At first glance, I thought I had just parked over a space with tons of glass. My shift did start at 8 am and it was daylight savings meaning that for my body it was still seven, and for my mind, it was way too early to be working properly and actually notice the details of the parking space I had chosen. So when I finished my shift and walked out to my car at noon and saw all the glass I immediately just thought it was a broken beer bottle, remnants of someone's crazy night, shattered all over my parking space. It wasn’t even until I unlocked my driver’s side door that I realized my car had been broken into. Glass everywhere, my belongings shifted, and my backpack gone. I think at first I was more in shock. Obviously upset, but mainly I felt violated. Knowing my belongings had been taken by a stranger who probably did not know me, was a disturbing feeling. I tried so hard to be positive and look on the bright side. I wasn’t hurt, my purse wasn’t in the car, no money was taken, and it’s an easily fixable issue. I have amazing friends and family who went out of there way to help. I kept thinking “it’s not that bad, don’t get worked up over it” and then I realized there is absolutely nothing wrong with being upset over my car being broken into. There is nothing wrong with getting angry, or even just wanting to be alone for a bit and figure it all out. I think that is such a misconception when it comes to being a positive individual. People assume that positive people have no bad days and are never in a bad mood, but the truth is getting upset and angry are valid feelings, it’s what we do with those feelings that matters. Positive people get upset too, but it doesn’t control their life. In fact, it’s adds to a long list of experiences that makes us stronger people than we think we are.
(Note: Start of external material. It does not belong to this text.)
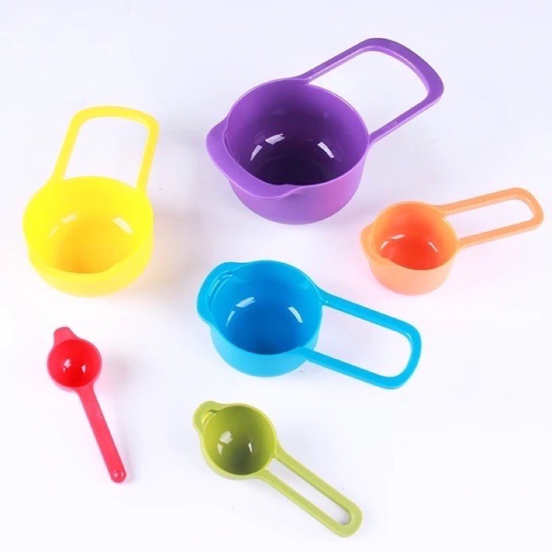 Bộ cup thìa đong 6 màuBộ cup nhựa có 6 đơn vị dùng để đong bột, bơ, nước, sữa,..
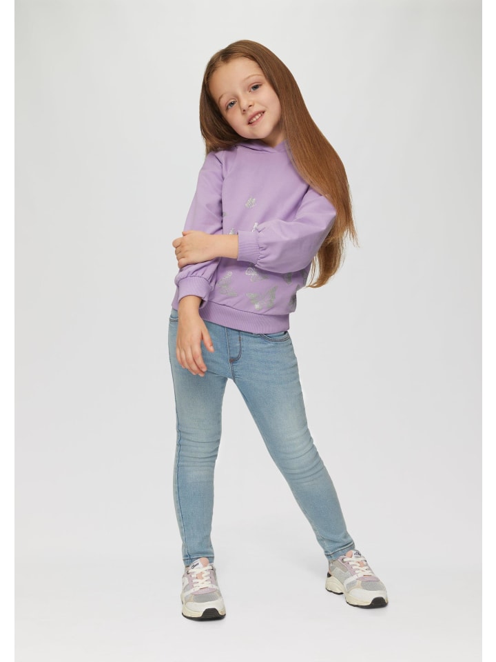 Ослепительный образ для маленьких законодателей моды! Эта толстовка с блестящим принтом обязательно вызовет улыбку на лице любого ребенка. Изготовленная из мягкого хлопка, она обеспечивает комфорт активным детям от 2 до 9 лет. Идеально подходит для дней рождения или игр на детской площадке, эта толстовка с длинными рукавами универсальна и добавит немного блеска в повседневную жизнь. - Изготовлена из мягкой хлопковой ткани - С принтом на передней части с привлекательными блестками - Круглый вырез горловины с несъемным капюшоном - Ребристые манжеты на длинных рукавах Материал: - 95% хлопок - 5% эластан

I now know how to file a police report, I know someone who can fix broken windows for a very fair price, and I know to never, ever leave anything valuable in my car. I also know in times of sadness I can consume very large amounts of guava grapefruit sorbet, and that I also have some of the greatest human beings in my life that made today go by smoothly and filled it with love.

And to the person who stole my backpack, I hope you enjoy my theatre notes, my educational psychology book and my Eos lip balm. Also, there's a Clif bar in the front zipper, knock yourself out.



Happy Sunday xoxox

1 comment:

  1. That’s true. That feeling of knowing someone broke your car window and stole your things is terrifying. Good thing you never left any valuables in your car. Somehow, this lessened your worries and stress. At the very least, you only had to worry about the repairs of your car, rather than track down and replace was was lost. Take care!